Rhodenbaugh was placed on paid administrative leave last fall as the school investigated what it called “team management allegations.” The school wouldn’t and hasn’t given any further details on Rhodenbaugh’s situation, and our Sunshine Law request for disciplinary or investigative records was denied. But The Kansas City Star reported last fall that Rhodenbaugh was under investigation by the school’s Title IX office after “multiple current or former members of the women’s swim team came forward with issues about Rhodenbaugh’s management of female athletes.”
The school named Grevers, then an associate head coach, to the role of interim head coach, and he led the men’s and women’s programs through the remainder of the 2018-2019 season. The school announced Grevers as its permanent head coach in a press release today. The release made brief mention of Rhodenbaugh, saying he had been suspended last October, and that “In accordance with the terms of his contract, he has been reassigned from his coaching position.” That reassignment appears to be a removal from the program, as Rhodenbaugh is no longer listed on the team’s roster.
Missouri didn’t seem to miss a beat in the pool with Grevers in charge, as the men’s team came up with their highest SEC finish in history: 2nd overall behind champion Florida. The women finished 7th as a team. On the men’s side, Mikel Schreuders won the first SEC event title in program history. The women ultimately placed 22nd at NCAAs and the men 11th.

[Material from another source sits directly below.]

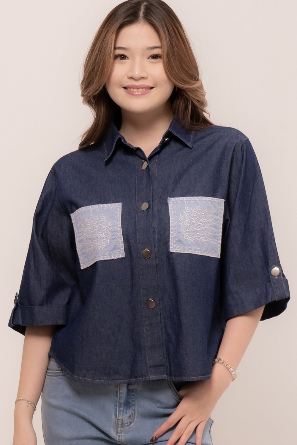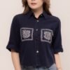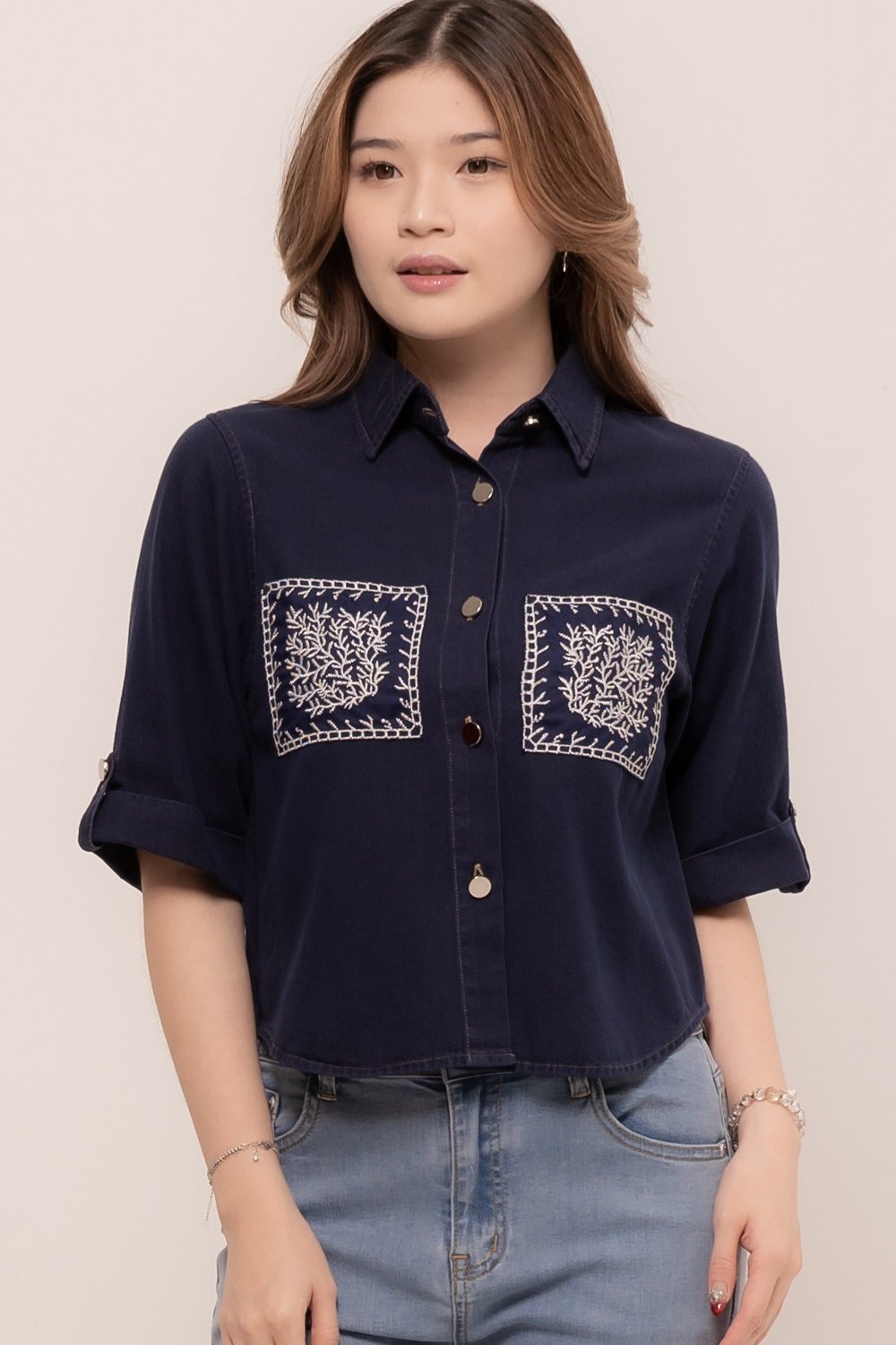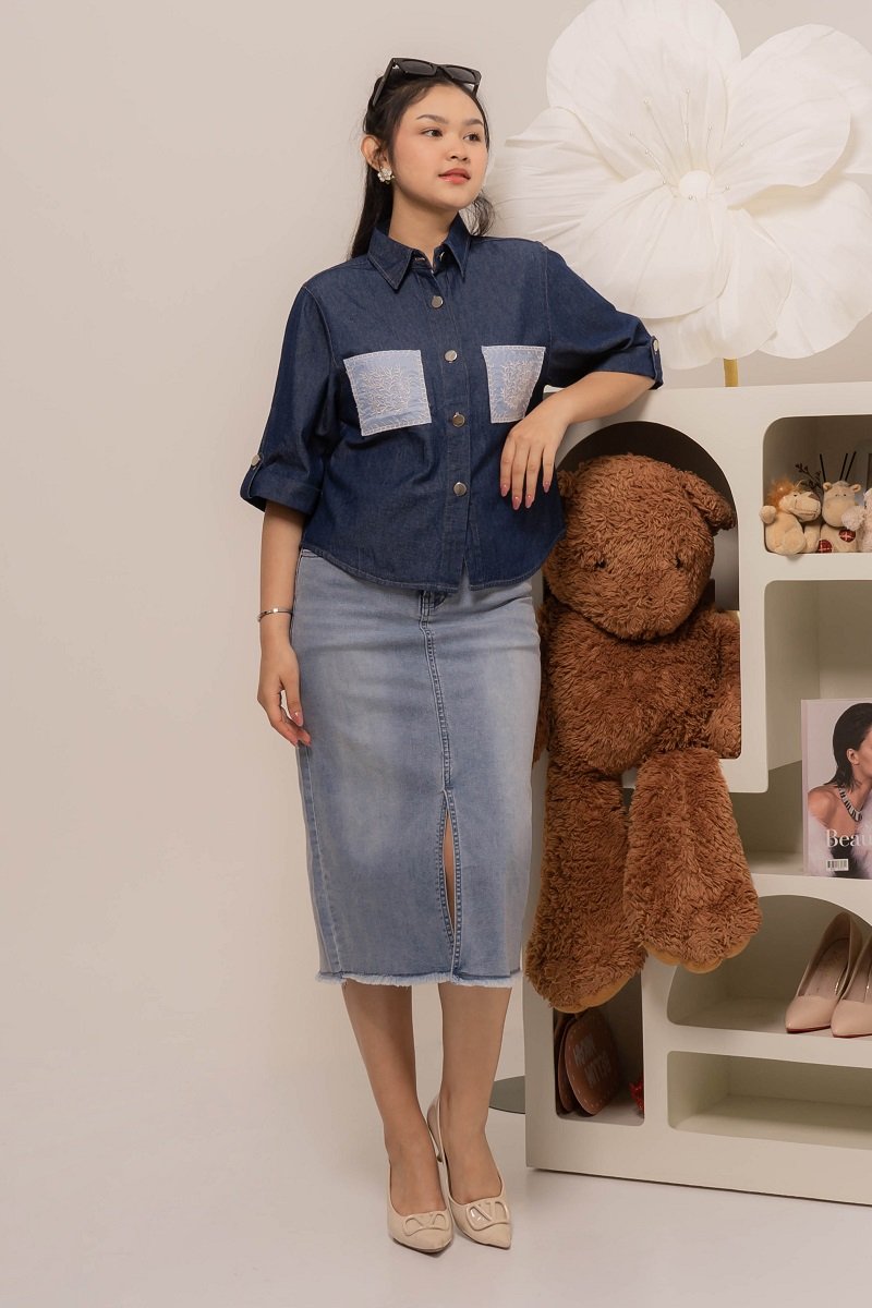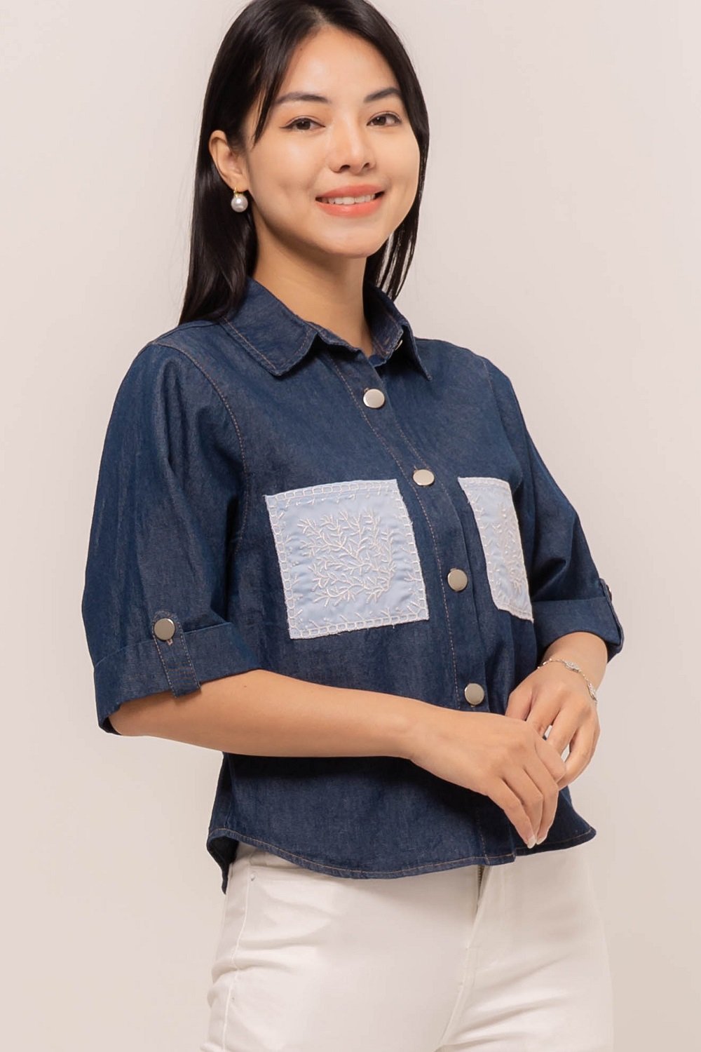 Pretty girl wear pretty clothes like our Aleecia Top! With its beautiful flower embroidery details on pocket, it adds a touch of sweet to your casual look
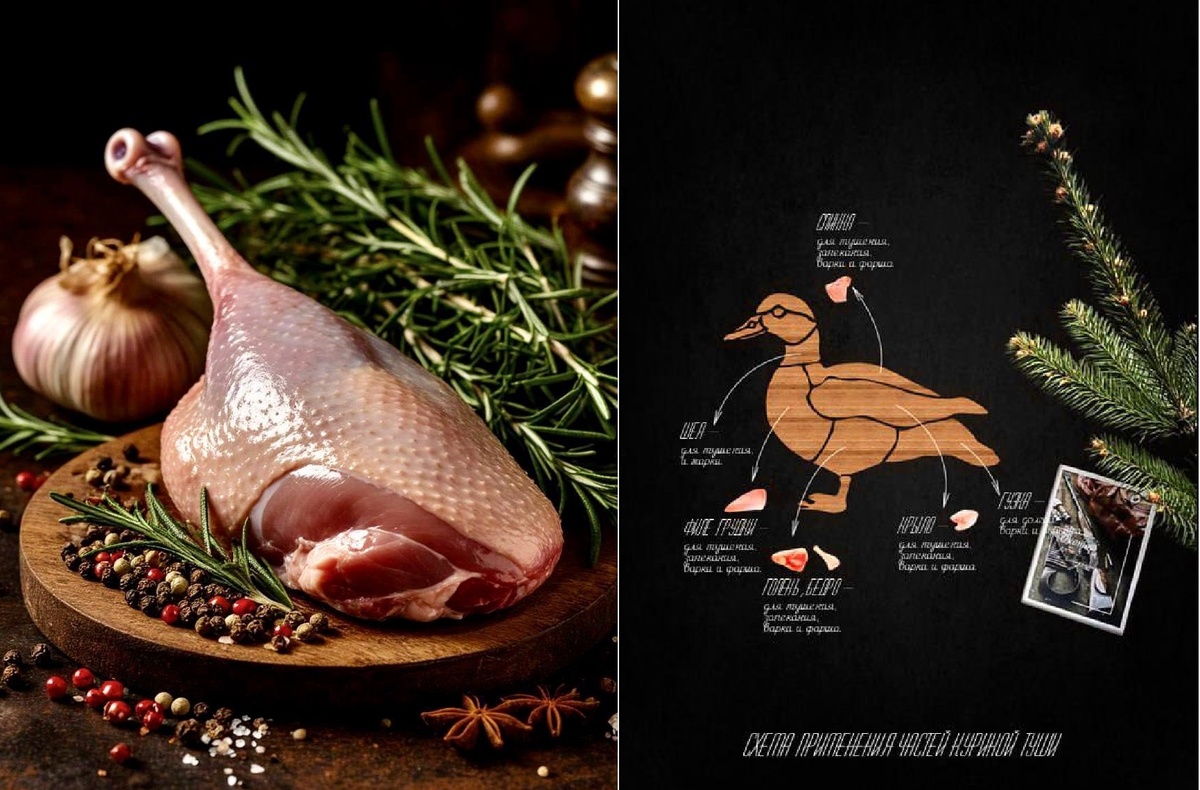Помните вот здесь мы рассказывали о классификации частей говяжьих и лосиных туш, а сегодня мы подготовили для вас Chicken guide или пост о том как правильно готовить и разделывать птицу. И главными сегодняшними героинями у нас стали - цыпленок и утка. Ведь умение правильно обращаться с птицей - это не только приготовить ее согласно рецепту. Это еще и умение правильно ее обработать. В случае с птицей разумно ее разделать. В силу того, что утка, как и цыпленок состоят из множества разных не похожих друг на друга частей, разделка ее кажется чем-то утомительным, и многим кажется, что куда лучше купить сразу грудку или голень. А вот и не лучше! В добавок, если мы говорим о дикой птице, она всегда будет целая, и грамотно ее разделав, вы сможете приготовить как множество различных блюд - часть мяса пустить в расход сразу, часть заморозить, а кости отправить в бульон, так и смешав несколько видов мяса, получить, например, замечательные котлеты, вроде «пожарских». Начинать разделку следует с кр

His base salary will be $170,000, which is more than the $140,000 that the Columbia Tribute reports that Rhodenbaugh made in 2017-2018. Grevers will also receive a car as part of the deal. If either the men’s or women’s team finishes in the top 25, he receives a 5% raise, presuming the team had a multi-year APR of at least 930.
Grevers has coached at Missouri since 2010, and Missouri calls him the program’s “lead sprint coach.” He was only recently promoted to associate head coach – during the 2017-2018 season. He’s the older brother of Olympian (and still-active professional swimmer) Matt Grevers, and has also coached at Northwestern University (in a volunteer capacity) and the Wildcat Aquatics club in Evanston, Illinois.